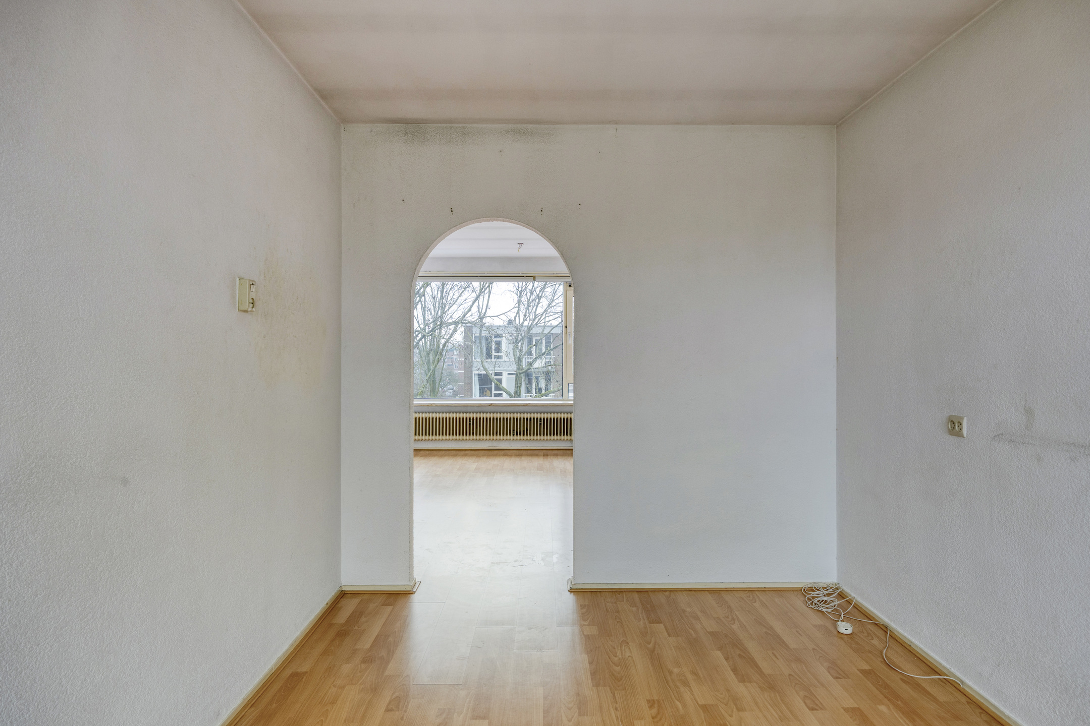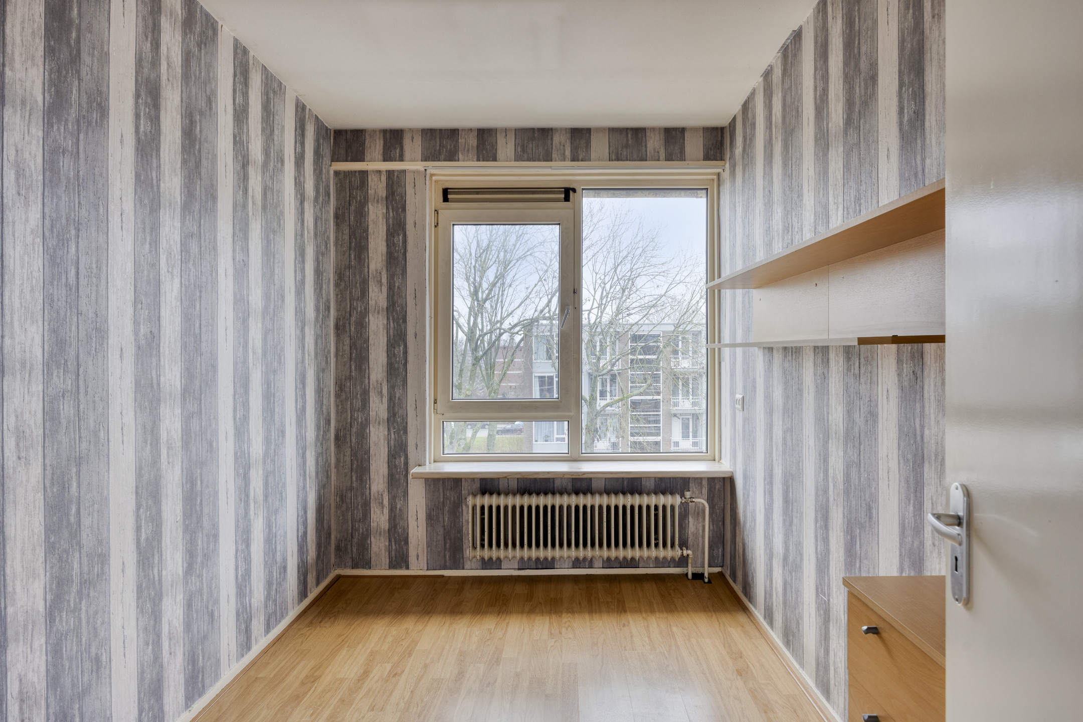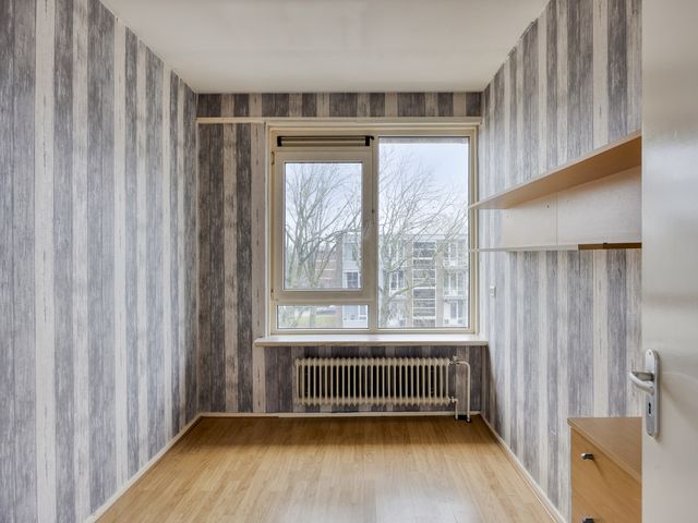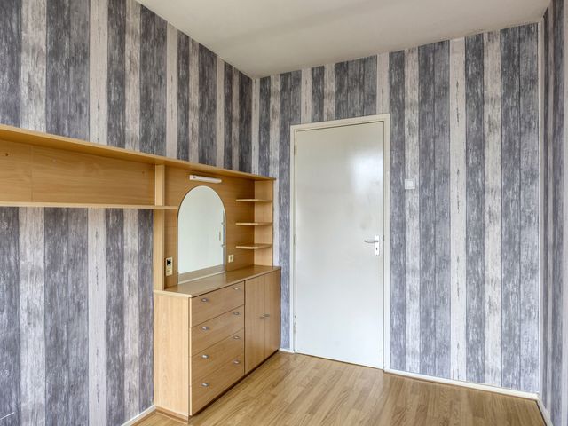 Aan de voorzijde van het appartement ligt de 2e slaapkamer met laminaatvloer.
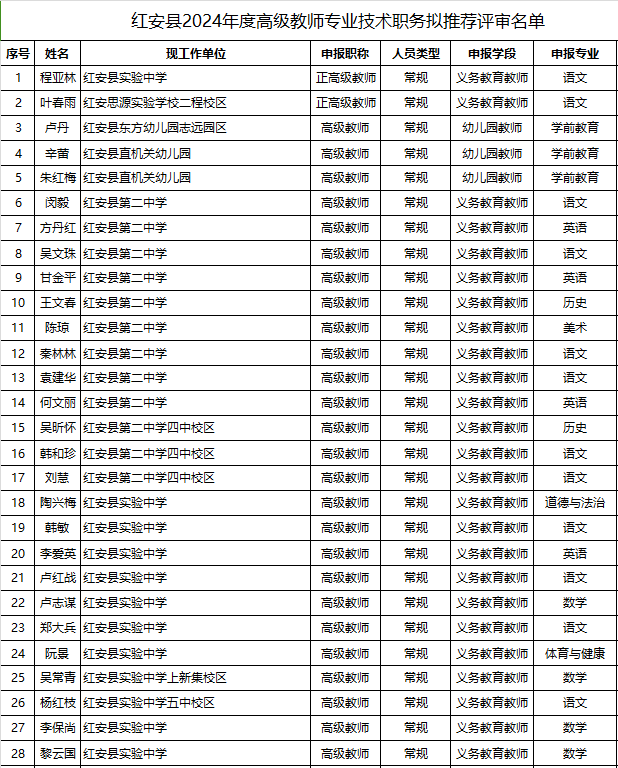 经红安县职称改革工作领导小组办公室初审,现将红安县2024年度中小学教师系列专业技术职务评审人员名单公告如下:
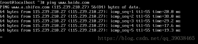 修改完成后按“Esc”退出编辑,按“:wq”保存编辑。然后执行service network restart命令,等待重启network。开机后输密码进入操作系统,接着再次换root账户进入终端。 输入“ping www.baidu.com”出现如下图所示,即连上了网络,按ctrl +c 结束指令。
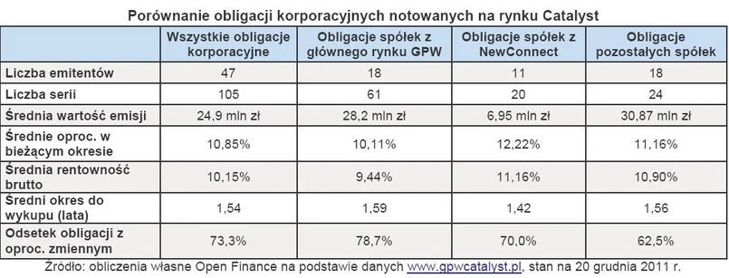 Klasyfikując osobno spółki notowane na rynku głównym GPW i NewConnect widać wyraźną różnicę w emitowanych przez nie papierach dłużnych. Zarówno pod względem wysokości zysków, jak i wartości emisji. Przy przeciętnym aktualnym oprocentowaniu wszystkich obligacji korporacyjnych na poziomie 10,85 proc., papiery dłużne spółek z głównego parkietu dają zarobić średnio o 0,74 pkt proc. mniej. Natomiast najwyższe odsetki oferują nie spółki spoza giełdy (11,16 proc.), lecz podmioty z rynku NewConnect, które płacą średnio 12,22 proc. Wyrażając w uproszczeniu popyt na obligacje, jako różnicę pomiędzy ich bieżącym oprocentowaniem, a rentownością brutto, z łatwością można stwierdzić, że to właśnie papiery dłużne przedsiębiorstw z „małego parkietu” cieszą się największym powodzeniem. Przy czym częściowo na ten obraz wpływa również najkrótszy czas do wykupu, który w przypadku spółek z NewConnect przeciętnie wynosi 1,42 roku, wobec 1,54 roku dla całego rynku.
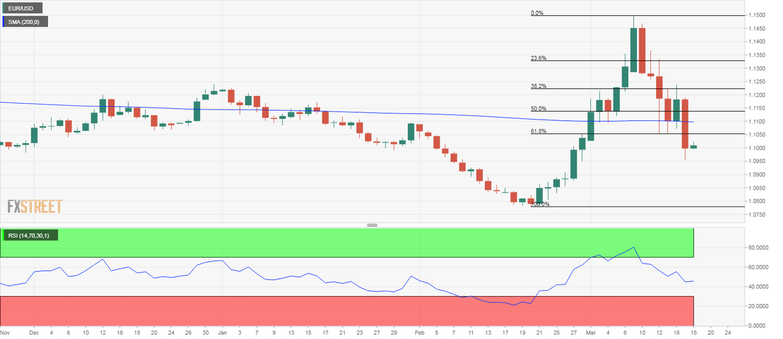 The pair is currently trading just above 1.10, having hit a low of 1.0955 on Tuesday. At that level, nearly 76% of the rally from 1.0778 to 1.1495 witnessed in the 12 days to March 3 stood erased.
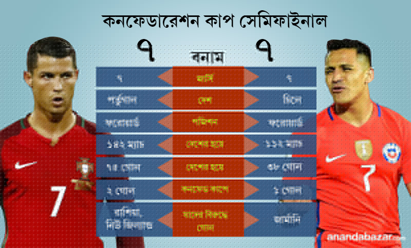 চিলে বনাম পর্তুগাল। বিশ্ব ফুটবলের ইতিহাসে এই প্রথম কোনও প্রতিযোগিতামূলক টুর্নামেন্টে মুখোমুখি হচ্ছে দুই দেশ। এর আগে যতবার দেখা হয়েছে সেটা ছিল ফ্রেন্ডলি। শেষ দু’দেশ খেলেছে ২০১১ সালে। ম্যাচ ছিল ১-১। এ বার কনফেডারেশন কাপের সেমিফাইনালে দুই দেশ। লড়াইটা তাই হাড্ডাহাড্ডি। তাও আবার দু’জনেই এই প্রথম খেলছে কনফেডারেশন কাপে। আবির্ভাবেই সেমিফাইনাল। তাই লড়াইটাও সমানে সমানে। আসল লড়াই অবশ্য দেশকে ছাপিয়ে পৌঁছে গিয়েছে ব্যাক্তিতে। লড়াইটা এ বার সাতের সঙ্গে সাতের। পর্তুগাল বনাম চিলের লড়াইয়ের মুখ হয়ে উঠেছে রোনাল্ডো বনাম স্যাঞ্চেজ। এখন বিশ্ব ফুটবলে আলোচনার তুঙ্গে তাঁরাই।
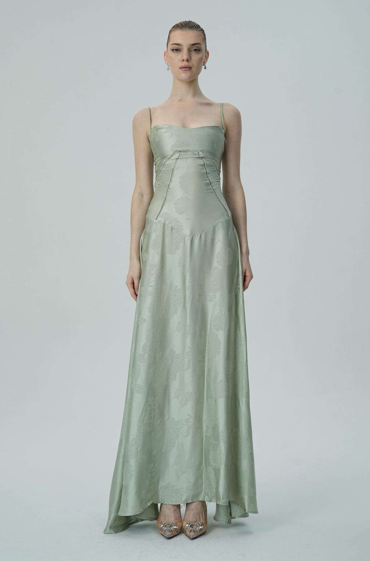 Bu göz alıcı lavanta rengi saten maxi elbise, zarif çiçek jakar deseni, ince askıları ve akıcı etek kesimiyle sofistike ve lüks bir görünüm sunuyor. Vücuda oturan korsaj üstü, figürü mükemmel bir şekilde tamamlayarak şık ve feminen bir siluet oluştururken, maxi boy eteği zarif ve akıcı bir hareket sağlar.
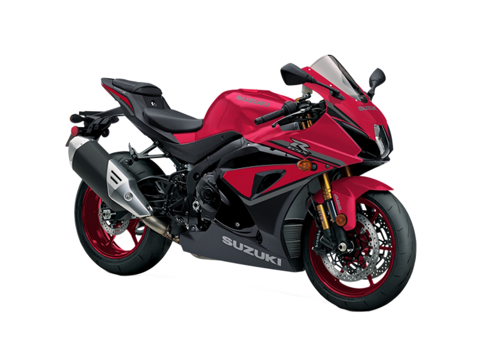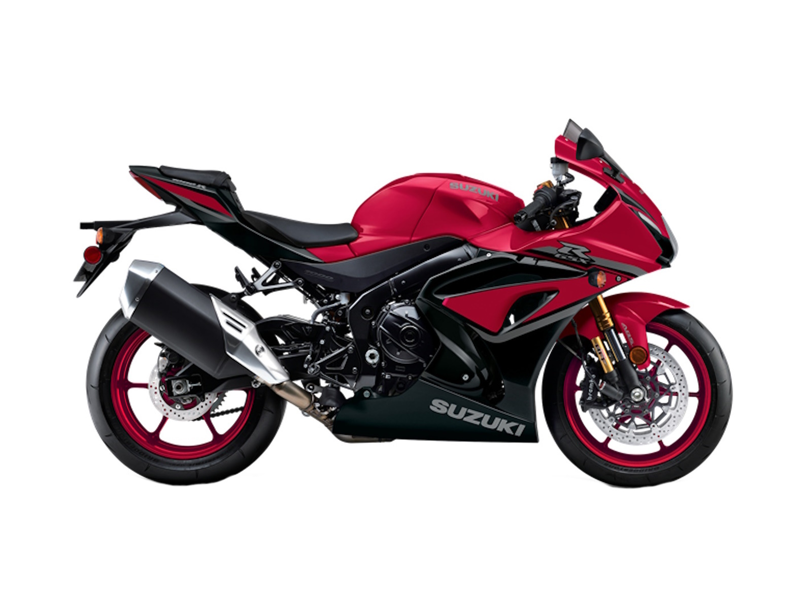 - The 2025 GSX-R1000R is available in a new Candy Daring Red / Glass Black paint scheme with dark red wheels or a stunning Metallic Matte Sword Silver scheme with bright blue graphics on the fairing and black wheels.
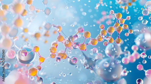 An enlarged view of a complex polymer blend, detailed molecular structure, smooth surface
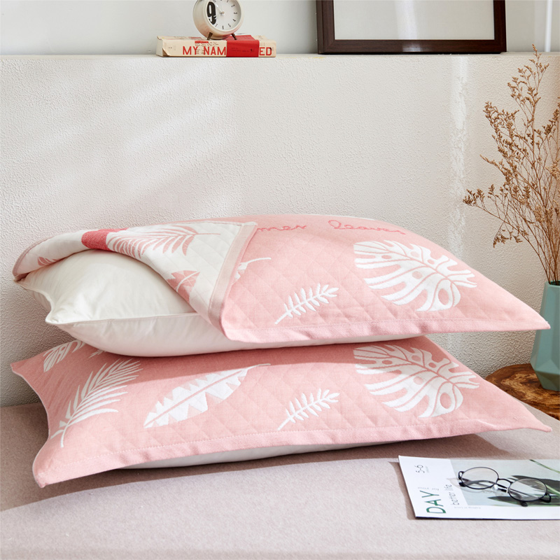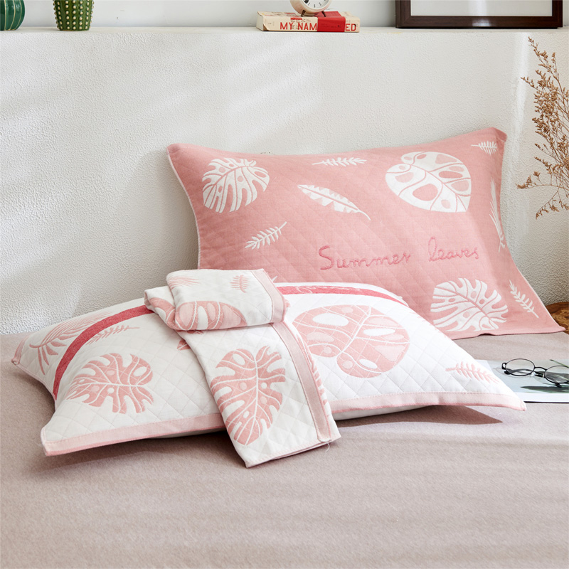 朴尔 2022新款三层纱布枕巾(一对) 夏日芭蕉-粉(52*78)
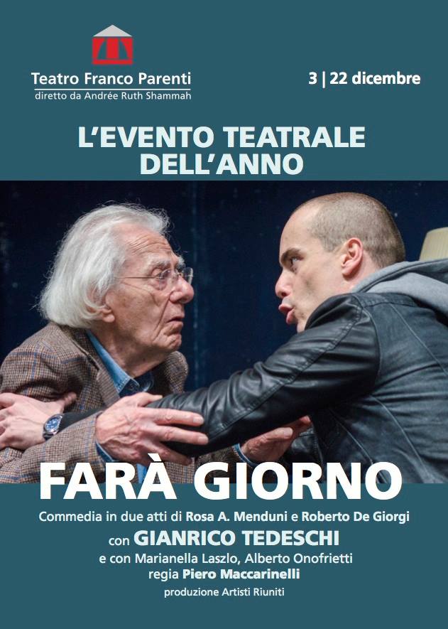 Dopo il grande successo della passata stagione, Gianrico Tedeschi torna a commuovere il pubblico con la commedia Farà giorno di Rosa A. Menduni e Roberto De Giorgi, nei panni di un anziano ex partigiano alle prese con un fascistello “impunito” della periferia romana interpretato dal bravissimo Alberto Onofrietti. Con Marianella Laszlo, regia di Piero Maccarinelli, prod. Artisti Riuniti.
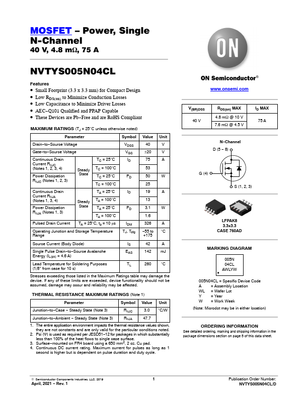 NVTYS005N04CL Overview
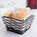 Ships free withThis American Metalcraft BNRB64B 6" square basket combines an eye-catching black metal finish with 2-in-1 versatility! Metal wire is formed and twisted to look like a bird's nest while also looking elegant for your tabletop. Use the 6" birdnest basket to serve appetizers, sides, or even dessert pastries. The 6" chrome basket is a great way to serve burgers and fries, or sandwiches and chips in your sandwich shop or pizzeria.
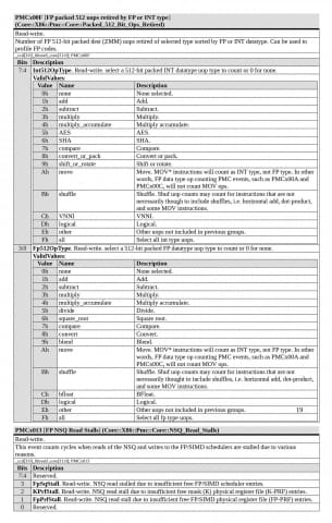 面白いものとしては、今回PMCx00F(FP packed 512 uops retired by FP or INT type)およびPMCx013(FP NSQ Read Stalls)が追加されたことが挙げられる(図5)。
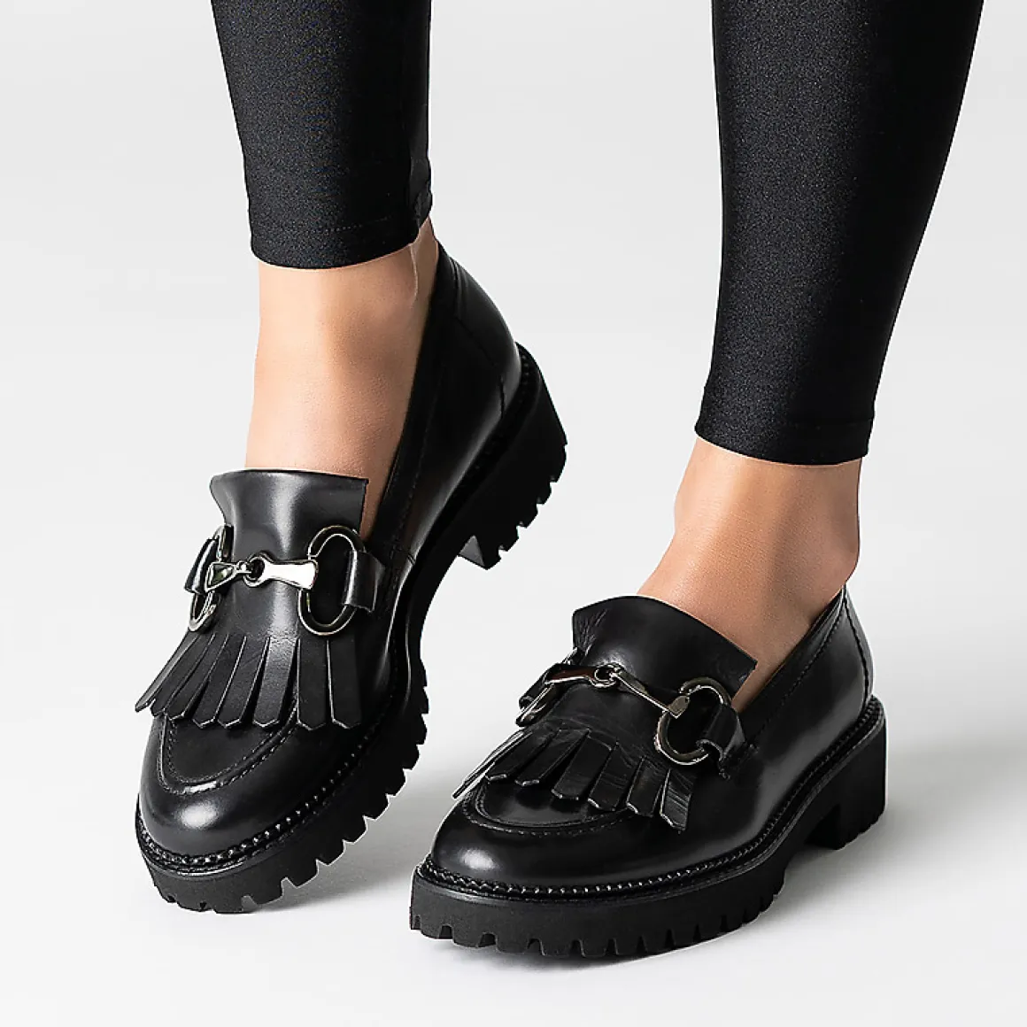 - Metal loafer application, platform sole, leather application, SuperSoft, supple leather, soft heel cap, light and flexible outsole, soft footbed, decorative stitching
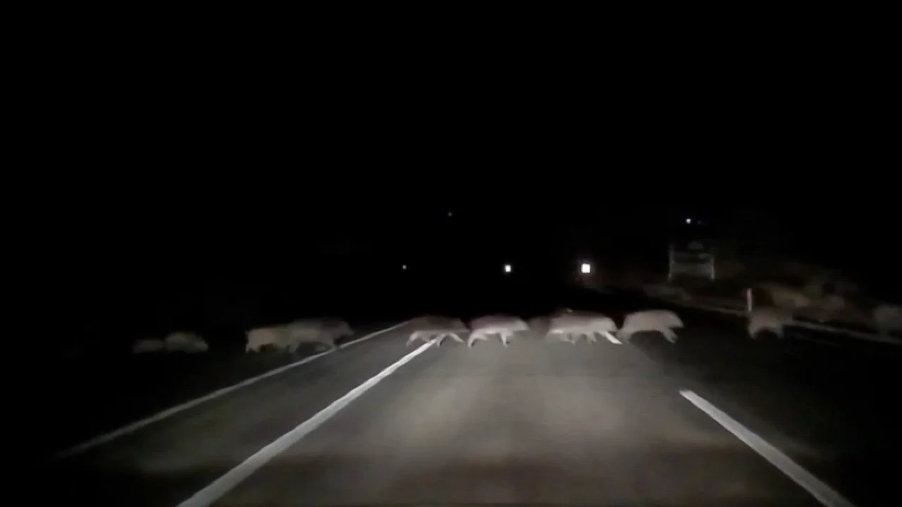Adıyaman-Gölbaşı karayolunda, Şambayat Beldesi yakınlarında gece saatlerinde yola aniden çıkan bir domuz sürüsü, tehlikeli anların yaşanmasına neden oldu.
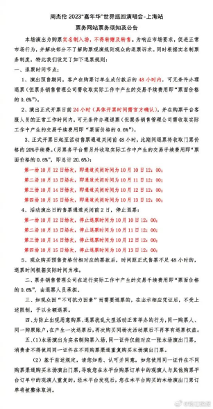 据悉,本次周杰伦演唱会为购票实名制入场,门票可退,但不得转赠及转售,演出开始前48小时停止退票。在强实名制下,入场时需要进行“人脸识别”,购票者与观演人必须一致。“强实名制”购票规则下,每张身份证仅可购买每场演出的一张门票, 门票不可转赠,但可在规定时间内退票。
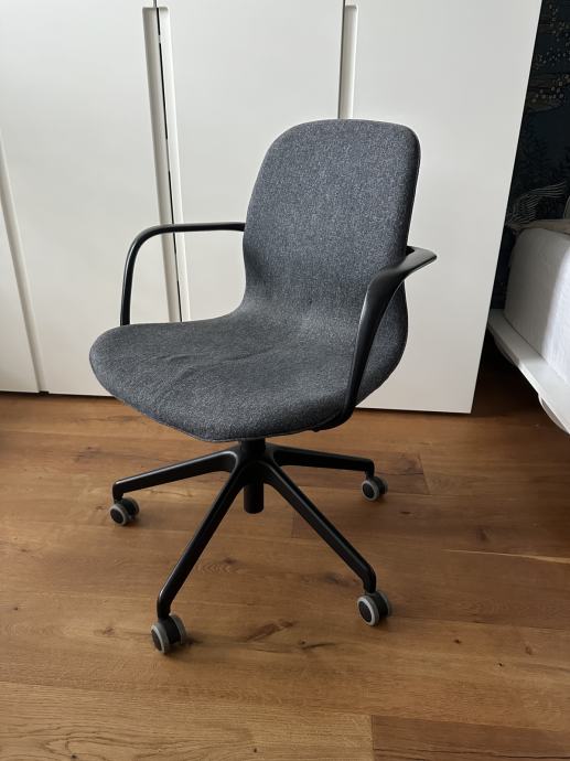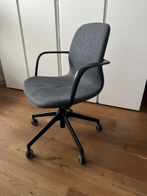 IKEA pisarniški stol s kolesci, iz sive tkanine. Dobro ohranjen. Nastavljiva višina.

◆ ◆ ◆ ◆ ◆

_Problem details:_ Reproduce the listing above from the line that holds "Adıyaman-Gölbaşı karayolunda, Şambayat" through the line that holds "据悉,本次周杰伦演唱会为购票", both included, with the pictures left out.

_Result of the task:_
Adıyaman-Gölbaşı karayolunda, Şambayat Beldesi yakınlarında gece saatlerinde yola aniden çıkan bir domuz sürüsü, tehlikeli anların yaşanmasına neden oldu.
 据悉,本次周杰伦演唱会为购票实名制入场,门票可退,但不得转赠及转售,演出开始前48小时停止退票。在强实名制下,入场时需要进行“人脸识别”,购票者与观演人必须一致。“强实名制”购票规则下,每张身份证仅可购买每场演出的一张门票, 门票不可转赠,但可在规定时间内退票。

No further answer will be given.